#### WORK TO COMPLETE
Return every line from the one with "第五步,此时软件界面就会弹出" through the one with "Couple devant la", inclusive, exactly as it appears below.

** Opening SOURCE RECORDS block **

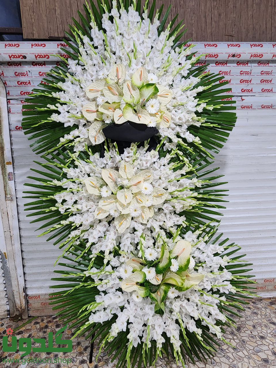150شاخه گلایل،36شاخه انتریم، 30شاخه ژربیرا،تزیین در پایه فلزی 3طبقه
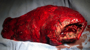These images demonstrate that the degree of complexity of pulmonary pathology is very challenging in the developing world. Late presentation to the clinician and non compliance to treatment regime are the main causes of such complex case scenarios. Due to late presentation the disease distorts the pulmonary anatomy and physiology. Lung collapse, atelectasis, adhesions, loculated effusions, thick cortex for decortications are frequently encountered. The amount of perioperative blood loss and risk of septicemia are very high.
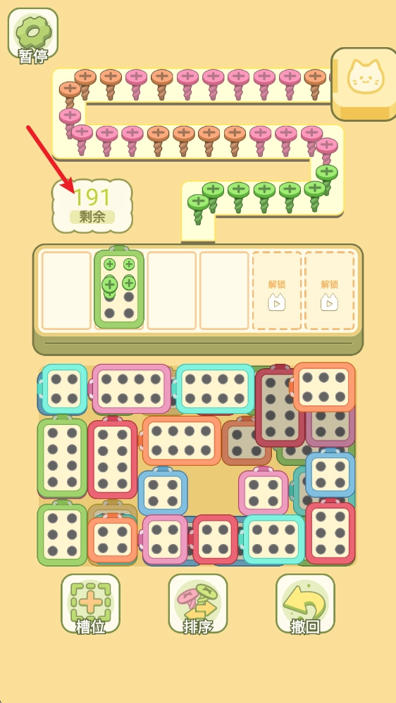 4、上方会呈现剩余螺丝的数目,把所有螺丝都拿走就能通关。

** Closing SOURCE RECORDS block **
** Opening SOURCE RECORDS block **

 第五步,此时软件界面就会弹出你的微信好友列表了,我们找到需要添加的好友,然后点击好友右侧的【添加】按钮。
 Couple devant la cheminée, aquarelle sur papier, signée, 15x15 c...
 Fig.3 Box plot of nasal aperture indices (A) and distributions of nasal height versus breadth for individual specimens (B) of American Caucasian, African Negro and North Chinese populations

** Closing SOURCE RECORDS block **

#### SOLUTION TO THE EXERCISE
 第五步,此时软件界面就会弹出你的微信好友列表了,我们找到需要添加的好友,然后点击好友右侧的【添加】按钮。
 Couple devant la cheminée, aquarelle sur papier, signée, 15x15 c...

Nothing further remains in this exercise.